INFORMATION SHOWN:
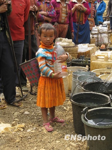 图为富宁县木央镇的苗族小女孩用油瓶背水。中新社发 胡远航 摄
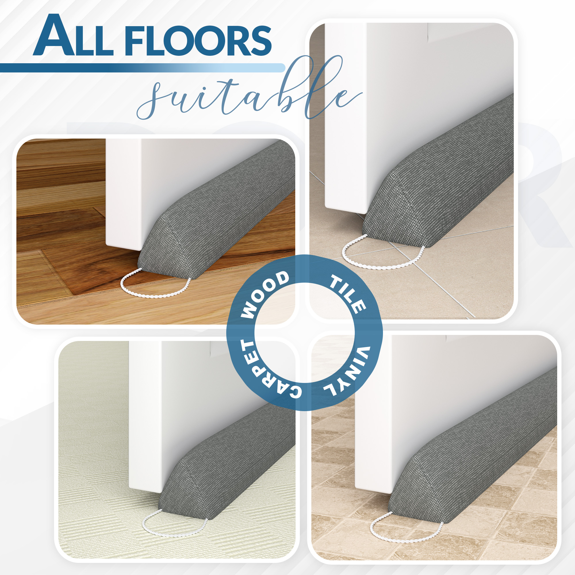 WHY CHOOSE US: Our sound proof door snake draft designed very user-friendly. Just use your foot to hold the doorstop in place. Needn’t have to bend down to manually adjust and secure the doorstop every time. The soft texture and the high wear resistance allow it to be used on carpet, tile, marble, wood, or vinyl without making any scratches.
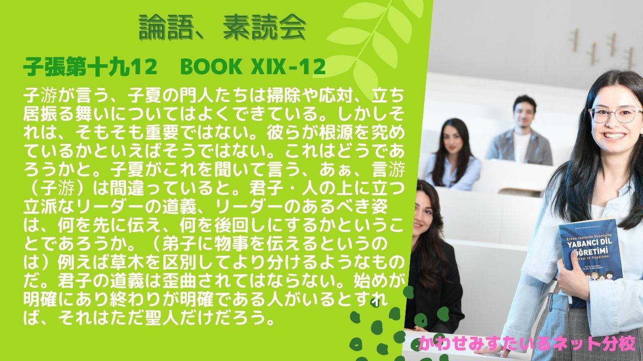 子游(しゆう)曰(い)わく、子夏(しか)の門人(もんじん)小子(しょうし)、洒掃(さいそう)応対(おうたい)進退(しんたい)に当(あた)りては、則(すなわ)ち可(か)なり。抑(そもそも)末(すえ)なり。之(これ)に本(もと)づくれば則(すなわ)ち無(な)し。之(これ)を如何(いかん)。子夏(しか)之(これ)を聞(き)きて曰(い)わく、噫(ああ)、言游(げんゆう)過(あやま)てり。君子(くんし)の道(みち)は、孰(いず)れをか先(さき)に伝(つた)え、孰(いず)れをか後(のち)に倦(う)まん。諸(これ)を草木(そうもく)の区(く)して以(もっ)て別(わか)つに譬(たと)う。君子(くんし)の道(みち)は、焉(いずく)んぞ誣(し)うべけんや。始(はじめ)有(あ)り卒(おわり)有(あ)る者(もの)は、其(そ)れ唯(ただ)聖人(せいじん)か。
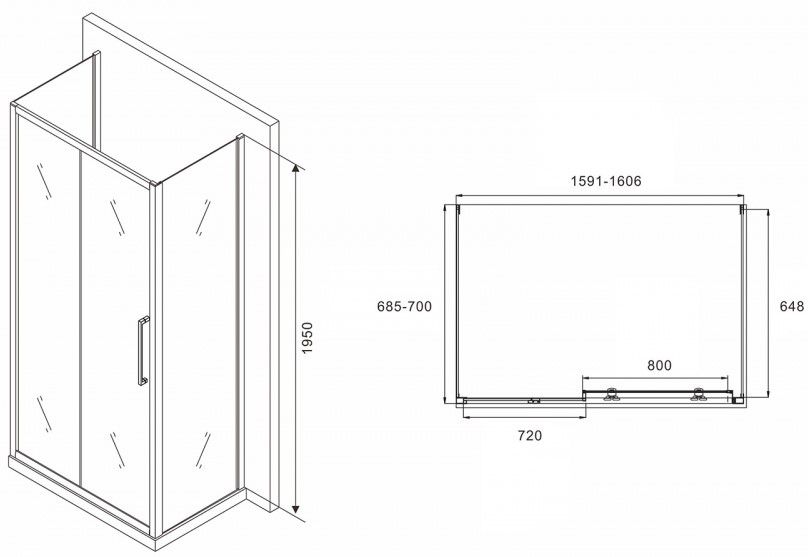 Душевой уголок ABBER Schwarzer Diamant AG30160MH-S70M-S70M 160x70см хром купить

WORK REQUEST: Pictures are to be left out, and each line from the one that contains "WHY CHOOSE US: Our" through the end of the listing is to be copied exactly.

EXERCISE RESULT:
 WHY CHOOSE US: Our sound proof door snake draft designed very user-friendly. Just use your foot to hold the doorstop in place. Needn’t have to bend down to manually adjust and secure the doorstop every time. The soft texture and the high wear resistance allow it to be used on carpet, tile, marble, wood, or vinyl without making any scratches.
 子游(しゆう)曰(い)わく、子夏(しか)の門人(もんじん)小子(しょうし)、洒掃(さいそう)応対(おうたい)進退(しんたい)に当(あた)りては、則(すなわ)ち可(か)なり。抑(そもそも)末(すえ)なり。之(これ)に本(もと)づくれば則(すなわ)ち無(な)し。之(これ)を如何(いかん)。子夏(しか)之(これ)を聞(き)きて曰(い)わく、噫(ああ)、言游(げんゆう)過(あやま)てり。君子(くんし)の道(みち)は、孰(いず)れをか先(さき)に伝(つた)え、孰(いず)れをか後(のち)に倦(う)まん。諸(これ)を草木(そうもく)の区(く)して以(もっ)て別(わか)つに譬(たと)う。君子(くんし)の道(みち)は、焉(いずく)んぞ誣(し)うべけんや。始(はじめ)有(あ)り卒(おわり)有(あ)る者(もの)は、其(そ)れ唯(ただ)聖人(せいじん)か。
 Душевой уголок ABBER Schwarzer Diamant AG30160MH-S70M-S70M 160x70см хром купить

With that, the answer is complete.